Things, thought Jenna, are not always what they seem.
A thin, reedy birdcall drifted through the mist, and some muffled splashes were coming from the water, which sounded as though they belonged to small and, Jenna hoped, furry animals. It crossed her mind that they might be made by water snakes or eels, but she decided not to think about that. Jenna leaned back against the door post and breathed in the fresh, slightly salty marsh air. It was perfect. Peace and quiet.
“Boo!” said Nicko. “Got you, Jen!”
“Nicko,” protested Jenna. “You’re so noisy. Shhh.”

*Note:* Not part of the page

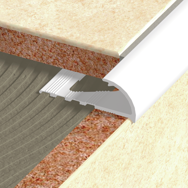 Profielen om de buitenhoeken van keramische tegels af te sluiten en te beschermen, waarbij de ontsierende en kwetsbare 45° snede wordt vermeden. De afgeronde afwerking dient ook als symmetrische en schokabsorberende afwerking tegen de hoek van de vloerbedekking. Alleen voor wand of badkuipplaat. Gebruik binnenshuis.
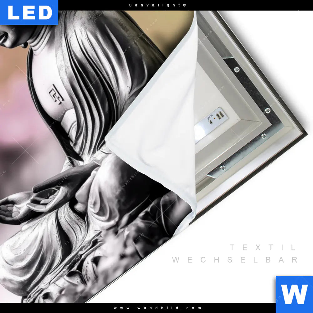 LED-Textilrahmen-Bild mit austauschbarem Buddha - Feng Shui Textil-Druck (Wechselbild)

Nicko settled himself down on the doorstep next to Jenna and grabbed some of her quilt to wrap himself in.
“Please,” Jenna told him.
“What?”
“Please, Jenna, may I share your quilt? Yes, you m
ay, Nicko. Oh, thank you very much, Jenna, that’s very kind of you. Don’t mention it, Nicko.”
“All right, then, I won’t.” Nicko grinned. “And I suppose I have to curtsy to you now you’re Miss High and Mighty.”
“Boys don’t curtsy.” Jenna laughed. “You have to bow.”
Nicko leaped to his feet and, doffing an imaginary hat with a sweep of his arm, bowed an exaggerated bow. Jenna clapped.
“Very good. You can do that every morning.” She laughed again.
“Thank you, Your Majesty,” said Nicko gravely, stuffing his imaginary hat back on his head.
“I wonder where the Boggart is?” said Jenna a little sleepily.
Nicko yawned. “Probably at the bottom of some mud pool somewhere. I don’t suppose he’s tucked up in bed.”
“He’d hate it, wouldn’t he? Too dry and clean.”
“Well,” said Nicko, “I’m going back to bed. I need more than two hours sleep, even if you don’t.” He extricated himself from Jenna’s quilt and wandered back inside to his own, which lay in a crumpled heap by the fire. Jenna realized that she still felt tired too. Her eyelids were beginning to get that prickly feeling that told her she had not slept long enough, and she was getting cold. She stood up, gathered her quilt around her, slipped back into the half-light of the cottage and very quietly closed the door behind her.
19
AUNT ZELDA
Good morning, everyone!” Aunt Zelda’s cheery voice called out to the pile of quilts and their inhabitants by the fire. Boy 412 woke up in a panic, expecting to have to tumble out of his Young Army bed and line up outside in thirty seconds flat for roll call. He stared uncomprehendingly at Aunt Zelda, who looked nothing like his usual morning tormenter, the shaven-headed Chief Cadet, who took great pleasure in chucking buckets of icy water over anyone who didn’t jump out of bed immediately. The last time that had happened to Boy 412, he had had to sleep in a cold, wet bed for days before it dried out. Boy 412 leaped to his feet with a terrified look on his face but relaxed a little when he noticed that Aunt Zelda did not actually have a bucket of icy water in her hand. Rather, she was carrying a tray laden with mugs of hot milk and a huge pile of hot buttered toast.